▶ _WHAT IS REQUIRED_
Nothing but the lines from the first line of the records through the line with "- Ein Gefühl" should be output, exactly as written and free of pictures.

Collected data entries
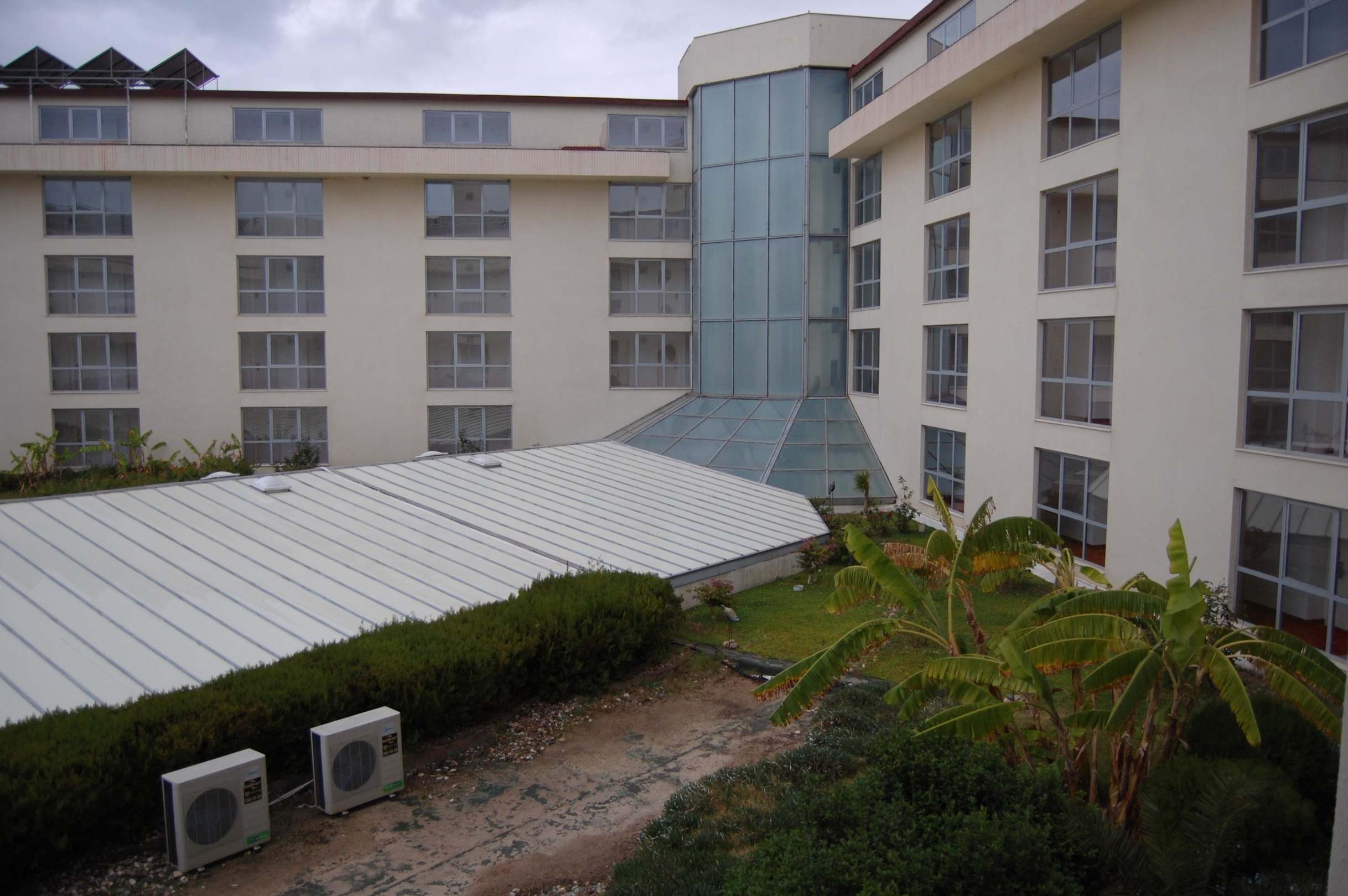 Die "Überdachung" die zu sehen ist ist gleichzeitig das Dach der Lobby und des Speisesaals, dementsprechend laut ist es bei Regen!
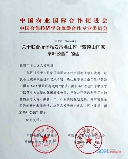 9月21日,记者从名山区获悉,近日,由农业部主管的中国农业国际合作促进会、中国合作经济学会旅游合作专业委员会联合授予雅安市名山区“蒙顶山国家茶叶公园”称号,雅安市名山区新添一个“国家级”公园。
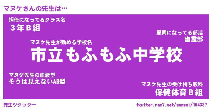 | ファンタジー風あだ名 | 『マヌフェル』『エターナルマヌケー』 |
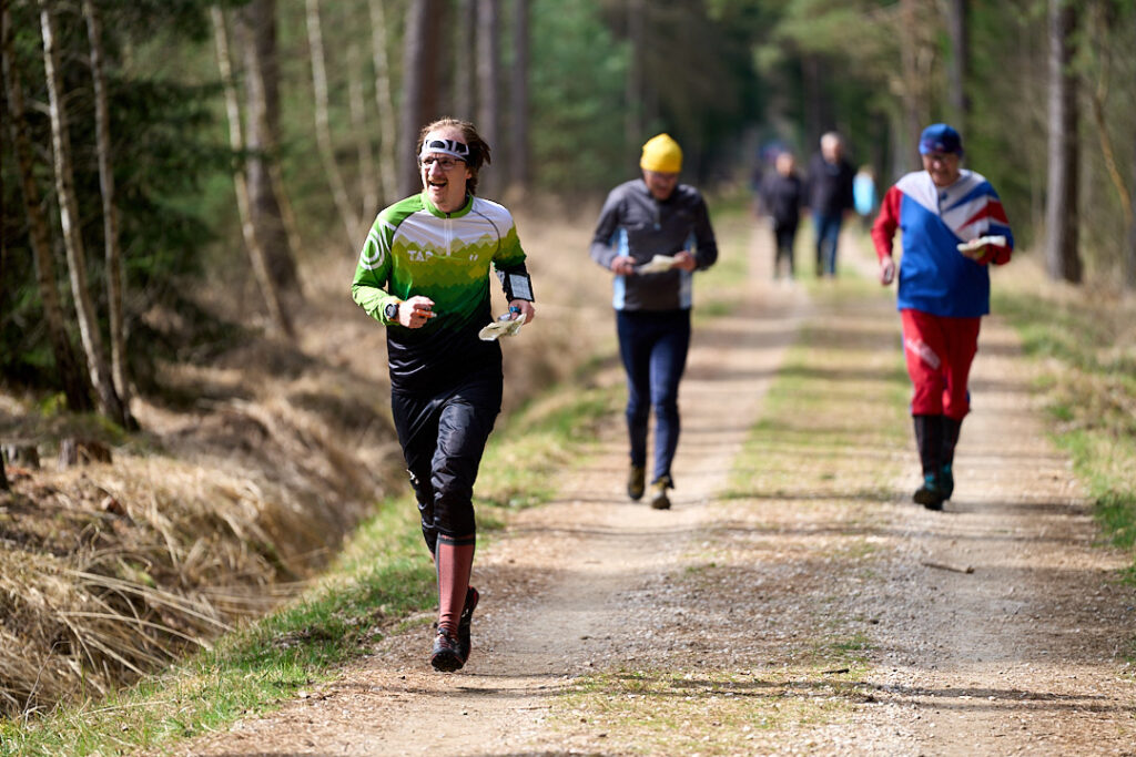 Dost vzpomínání. V sobotu 21.3.26 jsme se všichni sešli na shromaždišti v kempu u Stříbrného rybníka. Z více než tisícovky závodníků bylo 38 jilemnických. Počasí se navzdory nepříznivé předpovědi po nočním dešti vylepšilo. Svítilo slunce a udělalo se docela teplo. Naše kategorie měla 21 závodníků ve startovním intervalu po pěti minutách. Já šel na start až v druhé půli startovního pole před půl dvanáctou. Jirka vybíhal 35 minut přede mnou, Pepa zase 25 minut za mnou. Nějaká spolupráce na trati nepřipadala v úvahu.
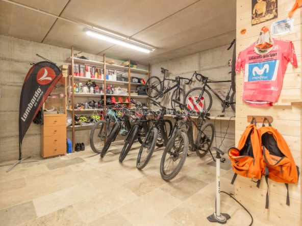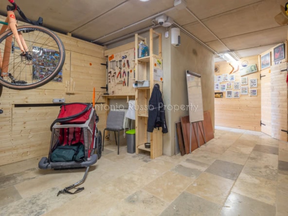 Il piano interrato ospita un garage di circa 120 mq con servizio.
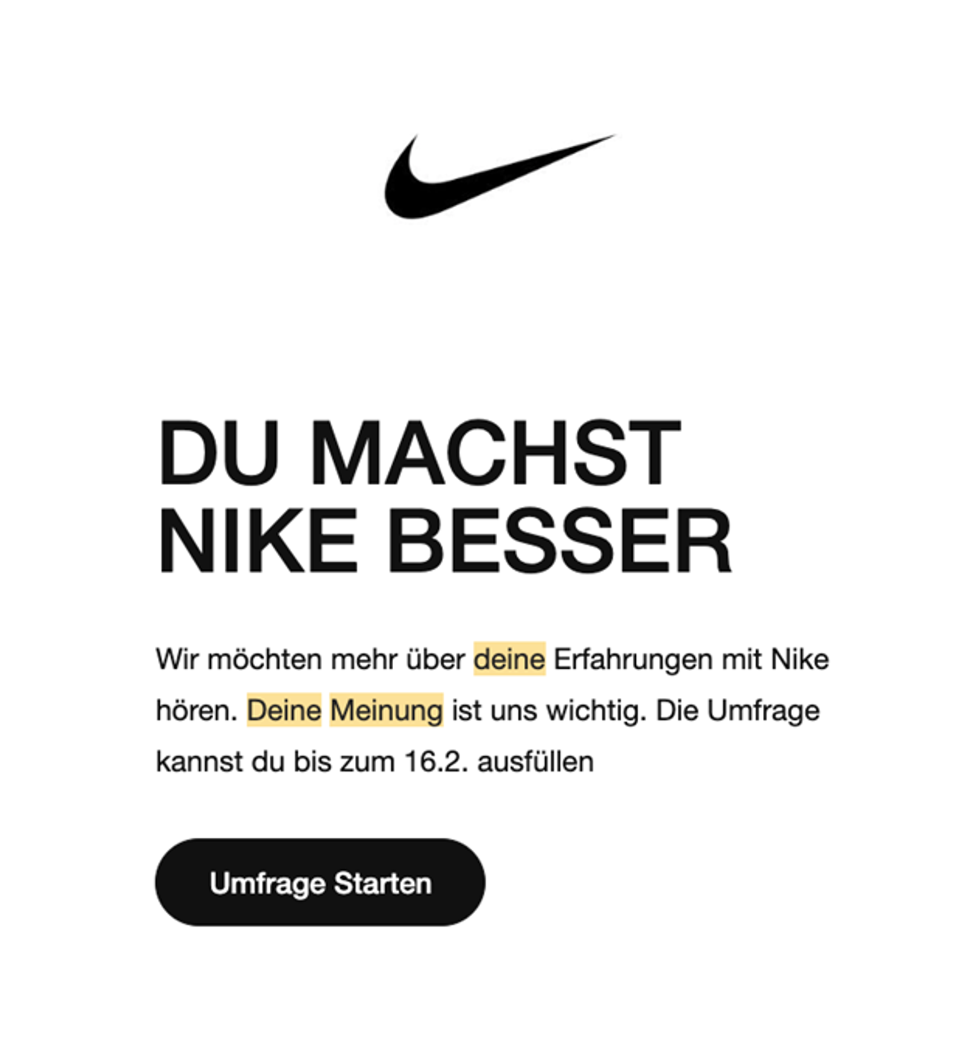 - Ein Gefühl der Zugehörigkeit bewirkt manchmal mehr als ein Rabattcode. Nike gibt seinen Kunden das Gefühl, mit ihrem Feedback etwas zu bewirken und will sie so zurückgewinnen.
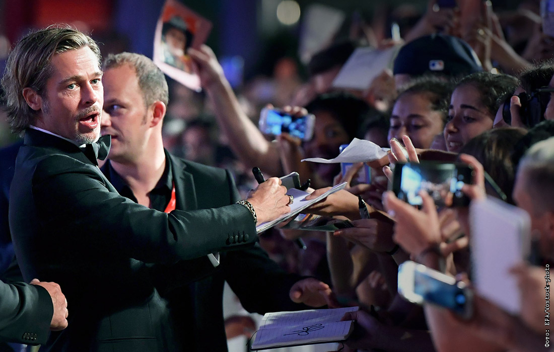 Брэд Питт раздает автографы на красной ковровой дорожке кинофестиваля
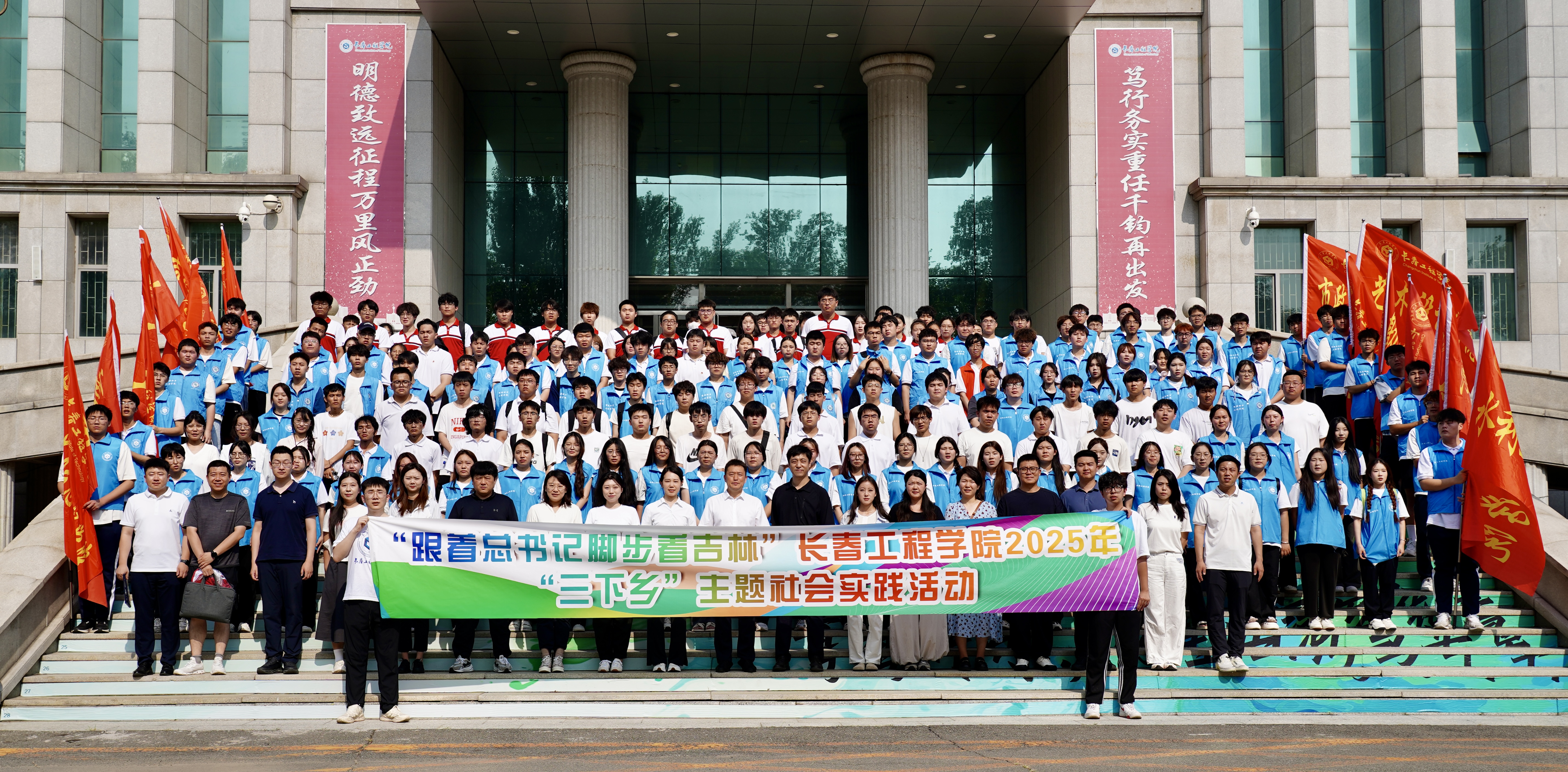 张邦成副校长为出征队伍授旗并在讲话中指出,大学生“三下乡”是上好与现实结合的“大思政课”、在吉林沃土践行青年担当的宝贵契机,沿着总书记足迹,用心感受、用情探索、用力建设“五色吉林”。同学们要躬身基层实践,淬炼过硬本领,自主地去探索、去领悟、去学习,促进自身的全面发展。带队老师要强化安全意识、压实安全责任,自觉树立良好形象,杜绝一切安全隐患。
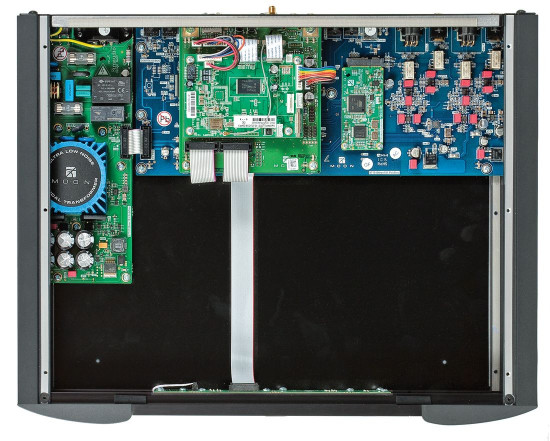 Obudowa nie jest szczelnie wypełniona, układy zmontowane na siedmiu płytkach przysunięto do przedniej i tylnej ścianki. Ważna jest kość konwertera ESS Sabre 9018K2; to wersja dla sprzętu mobilnego, charakteryzująca się wysoką dynamiką (127 dB).
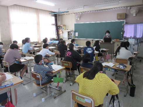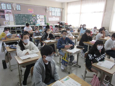 4時間目は書写の授業でした。用紙にあった文字の大きさと配列について、「五月雨を集めてはやし最上川」の句で考えました。
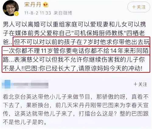 “男人可以离婚可以重组家庭,可以爱现妻和儿女,可以携子在媒体前秀父爱,称自己司机保姆厨师教练"四栖老爸。但不可以对以前的孩子在7岁时,他求你带他出去玩一次你都不理,11岁管你要电话你都不给,14年来形同陌路。表演慈父可以,但我不允许你继续伤害我的儿子,你不是人!”

▶ _RESPONSE FOR THIS EXERCISE_
 Die "Überdachung" die zu sehen ist ist gleichzeitig das Dach der Lobby und des Speisesaals, dementsprechend laut ist es bei Regen!
 9月21日,记者从名山区获悉,近日,由农业部主管的中国农业国际合作促进会、中国合作经济学会旅游合作专业委员会联合授予雅安市名山区“蒙顶山国家茶叶公园”称号,雅安市名山区新添一个“国家级”公园。
 | ファンタジー風あだ名 | 『マヌフェル』『エターナルマヌケー』 |
 Dost vzpomínání. V sobotu 21.3.26 jsme se všichni sešli na shromaždišti v kempu u Stříbrného rybníka. Z více než tisícovky závodníků bylo 38 jilemnických. Počasí se navzdory nepříznivé předpovědi po nočním dešti vylepšilo. Svítilo slunce a udělalo se docela teplo. Naše kategorie měla 21 závodníků ve startovním intervalu po pěti minutách. Já šel na start až v druhé půli startovního pole před půl dvanáctou. Jirka vybíhal 35 minut přede mnou, Pepa zase 25 minut za mnou. Nějaká spolupráce na trati nepřipadala v úvahu.
 Il piano interrato ospita un garage di circa 120 mq con servizio.
 - Ein Gefühl der Zugehörigkeit bewirkt manchmal mehr als ein Rabattcode. Nike gibt seinen Kunden das Gefühl, mit ihrem Feedback etwas zu bewirken und will sie so zurückgewinnen.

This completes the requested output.